Can gases be heated by absorbing laser light? I have a narrow gas jet, with a laser pointed at it. I want to figure out whether the gas will absorb any thermal energy from the laser photons, if they are at a wavelength that the gas can absorb.
For example, I have a 532nm laser, and a Ne gas jet. As far as I can tell from the (oddly contradictory?) sources I have seen, Ne has an absorption peak at 532nm. When it absorbs light from the laser, will it heat the gas up? Or will it simply excite an electron that later de-excites and produces another photon?
And if it does heat it up, is there any way I can get a figure on the added energy given the cross sections and laser power?
The only literature I can find on this topic just talks about gas-assisted heating of solid surfaces. Am I misunderstanding something here?
 A: The answer to the (general) title question is definitely 'yes,' and the answer to the more specific text is probably yes as well.
In the limit in which the only emission is stimulated emission by the 532 laser, then the effect of absorption is precisely counteracted by that of emission.
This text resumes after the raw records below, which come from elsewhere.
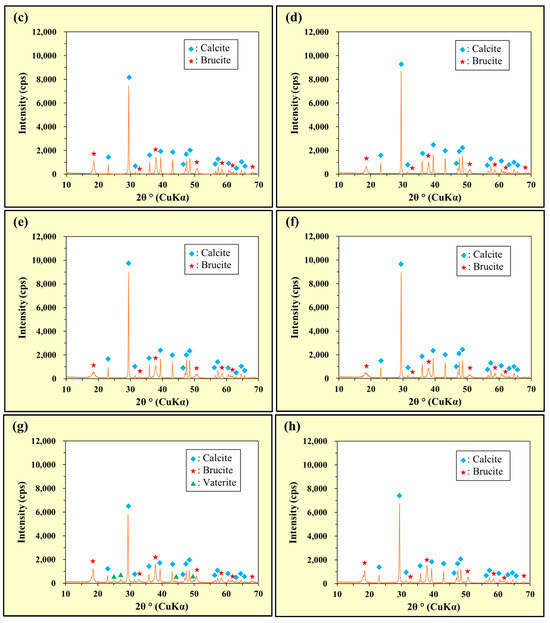 The As(III) solutions used for samples (e) and (f) were prepared as described in Section 2.2.1. The As(V) solution used for samples (g) and (h) was prepared by dissolving the Na2HAsO4·7H2O powder reagent in deionized water and adjusting the solution pH with aqueous HNO3 and NaOH. To prepare samples (c)–(h), 250 mL of the prepared solution (deionized water, As(III) solution, or As(V) solution) was placed into four different TPX beakers. Subsequently, 0.1 g of MgCO3 and 0.1 g of CaO or Ca(OH)2 were added to each beaker, followed by immediate stirring using a magnetic stirrer for 24 h. The samples were then subjected to solid–liquid separation via suction filtration (filter pore size: 0.45 μm). The collected solutions were combined into single containers, and the concentrations of As, Mg, and Ca in the collected solutions of (e)–(h) were determined using ICP-MS and ICP-AES. The collected solid samples were dried overnight at 40 °C, and the crystalline phases of the prepared samples were identified using powder XRD (RINT-2500, Rigaku Co., Akishima, Japan) at the GSJ-Lab (AIST).
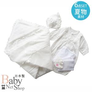 シンプルデザイン 夏物素材 日本製 ベビードレス ベビーアフガン付き6点セット 新生児赤ちゃん 出産準備品 おくるみ 短肌着 ベビーソックス
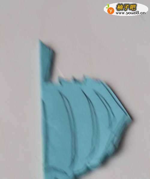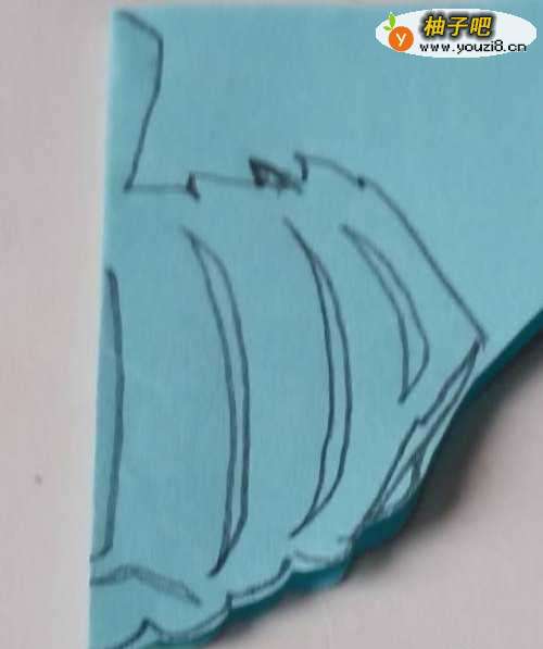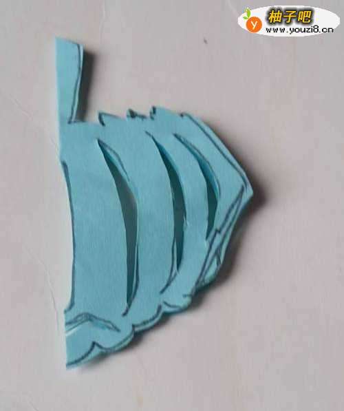 7我们再用剪刀把里面的南瓜纹路用剪刀沿线剪出来

This will only happen for light that has a strong intensity relative to the characteristic saturation intensity of the atomic transition. For light that is weaker than this, there will be both spontaneous emission and stimulated emission. Because the spontaneous emission is isotropic, it leads to random momentum kicks in every direction, and thus heating. If there are any alternate decay channels besides the driven transition, this can also lead to similar heating from random emission.
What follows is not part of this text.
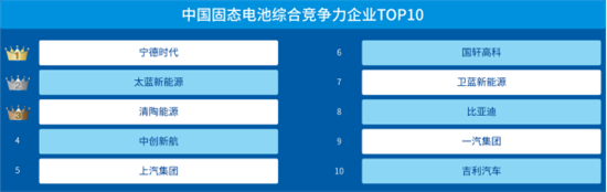根据榜单,前三名是宁德时代、太蓝新能源、清陶能源。中创新航、上汽集团也进入前五。

Just for fun, I should also point out that it's even possible to have a gas be cooled by laser light, by arranging things so that emission is preferentially in the opposite direction of the atom's motion. This relies on a careful engineering of the light detuning and balancing of non-cooling forces, and it's easy to get a little away from these conditions and cause runaway heating instead.
A good reference for light-atom interactions is Laser Cooling and Trapping by Metcalf and van der Straten. They mostly develop the theory for the simple case of an alkali atom with a hydrogen-like structure; I'm not sure exactly how this changes for an atom like neon but I suspect it allows more inelastic decay channels.